7. Things people should know
distilled things that people should know if they are thinking about pursuing similar work
As many data curators may already know, an overwhelming majority of one’s time is given over to data cleaning and standardization. To successfully run a data curation program within a library, it is critical to translate the lessons learned in curating legacy data sets to training programs in data management for researchers across campus. The data-driven research projects of today are the data curation challenges of the future, so establishing sound data management practices in current digital projects streamlines the process of ingesting them into the library’s collection when they are completed. In addition, a data curation program must be grown in tandem with digital scholarship education infrastructure in order to arm teachers and researchers with the programming skills required to grapple with the curated datasets.
8. Whats next
you have something in place. whats next and why?

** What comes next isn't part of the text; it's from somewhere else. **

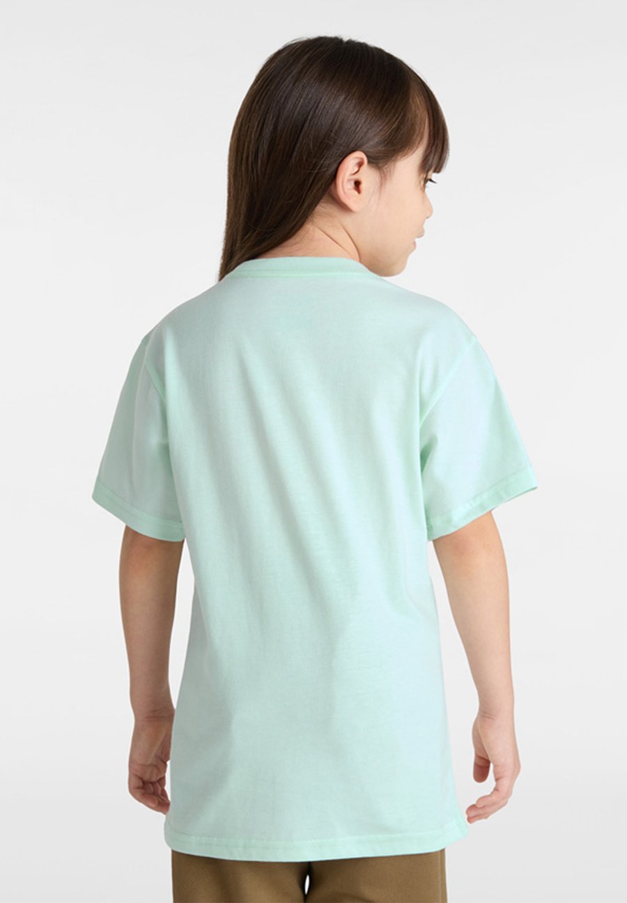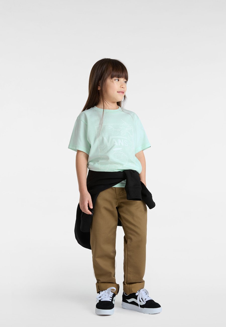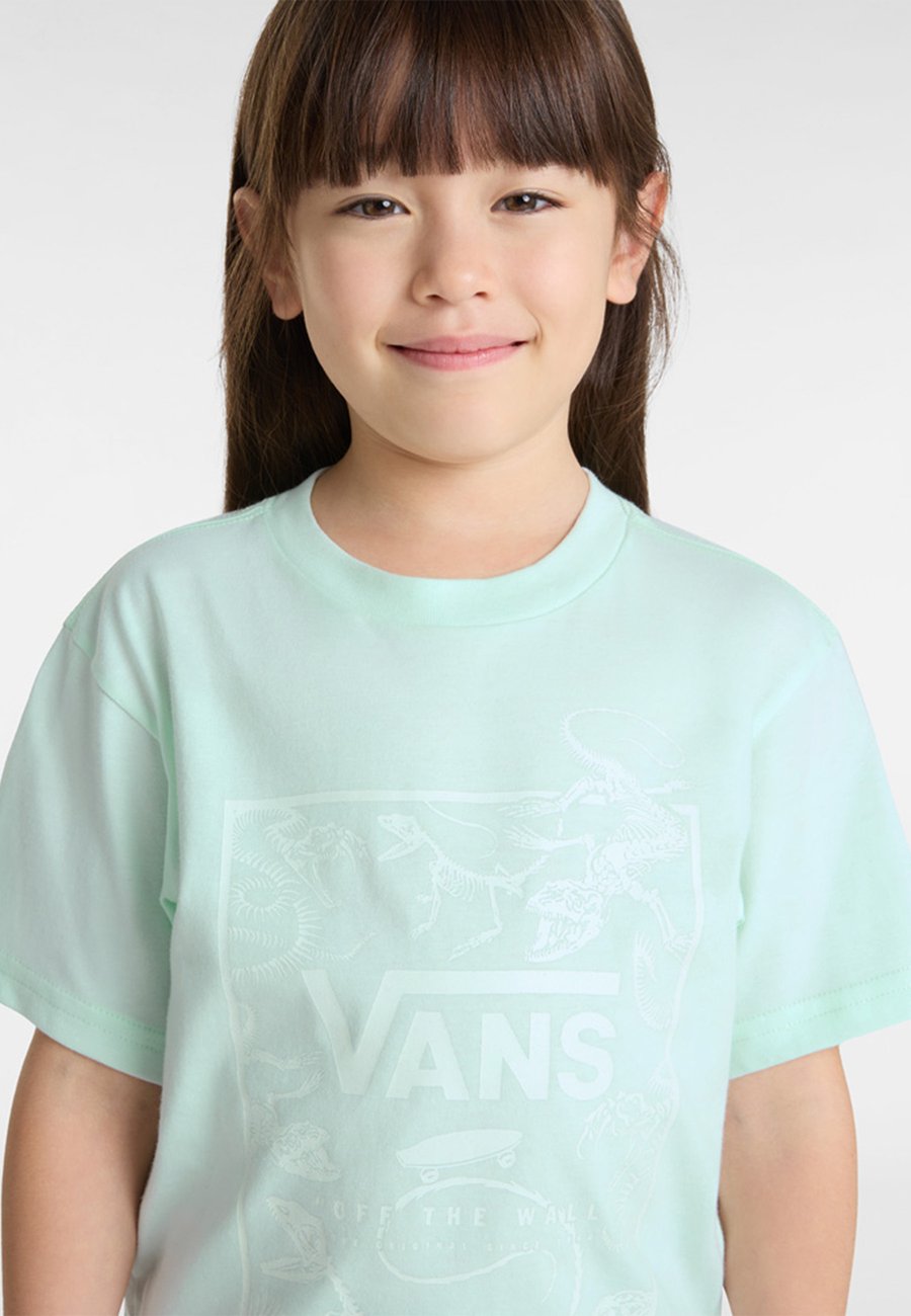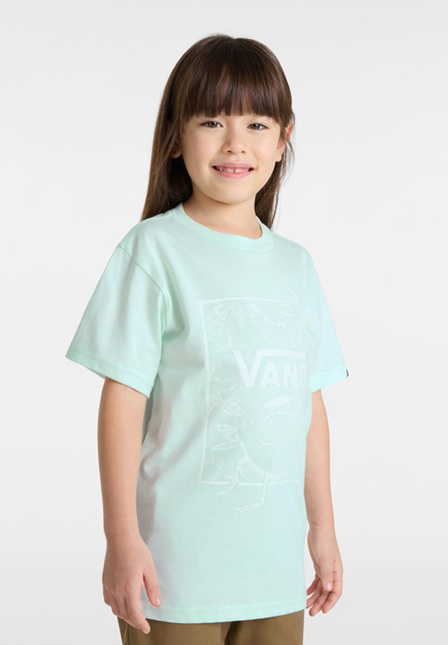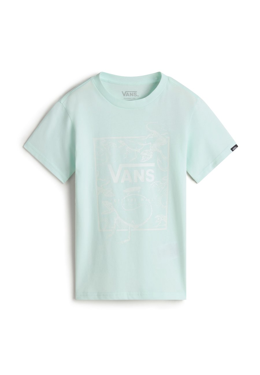 Футболка с динозаврами - Детская футболка с графическим принтом Состав цвета и материала: - Стильный мятно-зеленый цвет с изображением динозавров, светящихся в темноте - 100% высококачественный хлопок Особенности посадки и комфорта: - Классический крой для свободы движений - Короткие рукава с аккуратно обработанными манжетами - Ребристый круглый вырез для прочности - Стандартная длина до бедра - Легкий хлопок плотностью 145 г/м² для воздухопроницаемости Эта футболка, ориентированная на юных покупателей, привносит доисторическую крутость в повседневный стиль благодаря светящимся в темноте изображениям динозавров и фирменному брендингу Vans. Изготовленная из мягкого, дышащего хлопка универсального мятного цвета, эта футболка создана для комфорта и долговечности - идеально подходит для активных дней и повседневных приключений. Дизайн: ДинозаврыМатериал и уход

Currently, Veronica Ikeshoji-Orlati is curating the TV News dataset, a collection of nearly 1.1 million abstracts of news broadcasts from ABC, CBS, NBC, CNN, and Fox News dating back to August 5, 1968. The Vanderbilt Television News Archive is one of the richest resources for US news reporting in the 20th and 21st century, but access to the metadata is limited due to the current web interface. In order to facilitate not only improved discoverability of news segments, but also quantitative analysis of the dataset as as whole, Ikeshoji-Orlati is collaborating with Suellen Stringer-Hye (Linked Data and Semantic Web Coordinator), Steve Baskauf (Senior Lecturer of Biological Sciences), Zora Breeding (Cataloguing and Metadata Team Leader), and Jacob Schaub (Music Cataloguer) to map the dataset to the IPTC Newscodes Vocabulary. In addition, she is working with Lindsey Fox (GIS Librarian) to enrich the dataset with geospatial data.